Hauptversammlung Lenninger Feuerwehr zieht Bilanz

Michael Eberle (links) und Michael Schlecht (rechts) ehren Thomas Diez für 25 Jahre aktiven Dienst in der Lenninger Wehr.Foto: D
Michael Eberle (links) und Michael Schlecht (rechts) ehren Thomas Diez für 25 Jahre aktiven Dienst in der Lenninger Wehr.Foto: Daniela Haußmann

Lenningen. Die Freiwillige Feuerwehr in Lenningen wird zwischen 2018 und 2025 einige Fahrzeuge ersetzen müssen. „Das Löschfahrzeug LF 8 der Abteilung Schopfloch ist mit ein paar Reparaturen noch durch die Hauptuntersuchung gekommen“, berichtet Michael Eberle. „Aber der TÜV hat uns signalisiert, dass das beim nächstem Mal nicht der Fall sein wird.“ Das 25 Jahre alte Fahrzeug weist dem Lenninger Feuerwehrkommandanten zufolge erhebliche Rostschäden auf. „Kommendes Jahr wollen wir es deshalb durch einen Mannschaftstransportwagen mit Anhänger ersetzen. Wir rechnen mit Kosten in Höhe von rund 70 000 Euro“, teilt Michael Eberle bei der Jahreshauptversammlung mit.
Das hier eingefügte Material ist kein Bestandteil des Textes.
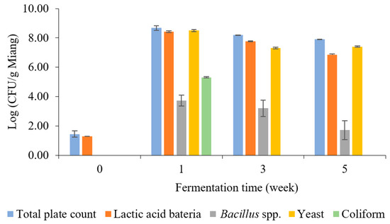 The enumeration of microbial counts related to the Miang fermentation process was investigated periodically, as indicated in Figure 2. Lactic acid bacteria (LAB) and yeast were the predominant microbes during Miang fermentation. After streaming, the total plate count was 1.45 log CFU/g Miang in the unfermented sample. Then, the viable cell count increased sharply at 1 week, with a total plate count of 8.67 log CFU/g Miang, and then showed a steady decrease to 8.18 and 7.90 log CFU/g Miang at the end of fermentation. LAB increased sharply at 1 week to 8.43 log CFU/g Miang and then declined to 7.77 and 6.86 log CFU/g Miang. LAB such as Lactoplantibacillus plantarum and Lactobacillus pentosus in the Miang fermentation process were considered to provide a probiotic function as these microbes have been found widely in Miang fermentation [15,29,30]. Yeast was determined to be one of the major microbes during the Miang fermentation process, which increased to 8.50 log CFU/g Miang in a week and then gradually decreased to 7.31 and 7.40 log CFU/g Miang. Yeast was expected to play a significant role in metabolizing polysaccharide and enzyme activities, which encourage the formation of flavors and texture profiles of the final product, particularly Candida ethanolica and Pichia manshurica, which were previously reported as the major yeast species in fermented tea [17,31]. Bacillus spp. was 3.74 log CFU/g Miang at 1 week and declined steadily to 3.21 and 1.17 log CFU/g Miang. Bacillus spp. were expected to have important roles using their enzyme activity in the initial stage of fermentation [22,32].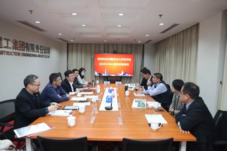 办公室主任肖富荣与MBA教育中心招生部何奕平随行。中国政法大学MBA2013级校友、全国五一劳动奖章称号获得者、北京建工集团有限责任公司总承包部总经理白恒宏接待了商院长一行。总承包部总经理助理、办公室主任卢次明,总承包部人力资源部副部长丁祎,中国政法大学2005届校友、总承包部法律合约部主管徐姗姗,中国政法大学2022届校友、总承包部山东区域市场经理王苗,也参加了本次签字仪式。

37 Mal rückten die 119 Kameraden 2016 aus. Insgesamt verbrachten die Abteilungen Brucken, Lenningen, Gutenberg und Schopfloch damit 406 Stunden und 49 Minuten im Einsatz. Zehn Mal mussten die Rettungskräfte wegen Fehlalarms zur Flüchtlingsunterkunft in der Höllochstraße ausrücken. „Den Bewohnern der Unterkunft kann kein Vorwurf gemacht werden“, betont Michael Eberle. „Ursache sind bauliche Mängel.“

„Schon vor Wochen haben wir das Landratsamt aufgefordert, aktiv zu werden. Jetzt liegt ein Gesprächstermin für Mitte April vor. Aber aus meiner Sicht räumt die Kreisverwaltung dem Problem nicht die gebotene Priorität ein“, kritisiert Bürgermeister Michael Schlecht. Das gehe zulasten der Feuerwehrleute, die trotzdem gezwungen sind, ihren Arbeitsplatz zu verlassen, um in die Höllochstraße auszurücken. Immerhin konnte er berichteten, dass bald die neue Einsatzkleidung im Wert von 40 000 Euro eintreffen wird.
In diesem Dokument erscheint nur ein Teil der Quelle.